Monday, December 21, 2009

Picking up from where I left off

As the holidays approach, I wanted to post one more instalment from my painting dairies, before things get too busy. Also, to take a moment to express my gratitude for everyone who has supported me, took an interest in my work, and look for more to come in the new year. I wish you a very Merry Christmas and all the best in 2010!

Peace

A continuation from my painting dairies and so, for the next few years I painted…
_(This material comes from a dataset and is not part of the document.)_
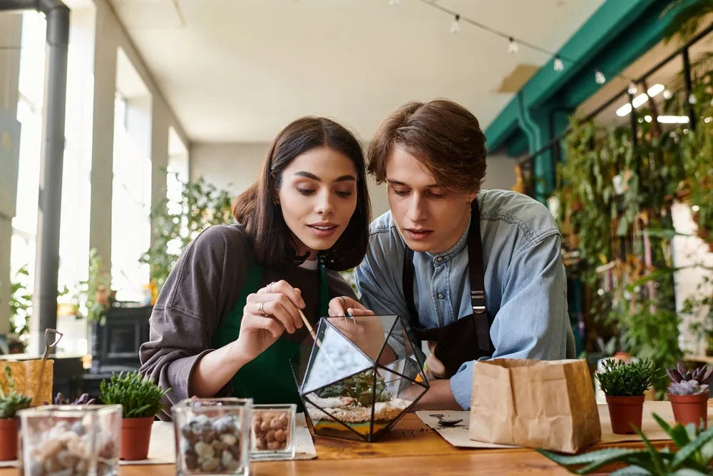 Stratifichi argilla espansa, carbone e substrato; rifinisci con le sabbie decorative. Inserisci la tua pianta preferita (tropicale: fittonia, peperomia, pilea; arido: piccole succulente) e completa il layout.

I would say the works that followed were studies. I began working on my technique and painted mainly from still life and photographs. Often I would cut dead flowers or bring branches and twigs into my studio and paint the same forms over and over again. But instead of painting the vase and the room the still life sat in, I would zoom in, like you do with a camera lens. Then layer the forms on top of one another, having them fill the entire canvas. The technique gives the spaces around the lines (negative spaces) as much importance as the line or the subject it’s self. I still use this device today although I don’t work with still life much anymore. From this period, I experimented a lot with in the same theme, but I would say it was not a cohesive body of work. I had some gems in the rough, sort of the way golfers describe that one great shot that brings them back. I had some paintings like that, glimpses of greatness. I had a great painting instructor at ACAD, Don Kottmann he was known around the college as the “hockey coach of painting”. Practice, practice, practice, how do you get better at painting he would ask… the answer paint. As I developed my studio practice and went on to teach myself, I found myself often using Don’s techniques with my own students, quick paintings to warm up follow by repetition, painting the same still life over and over again.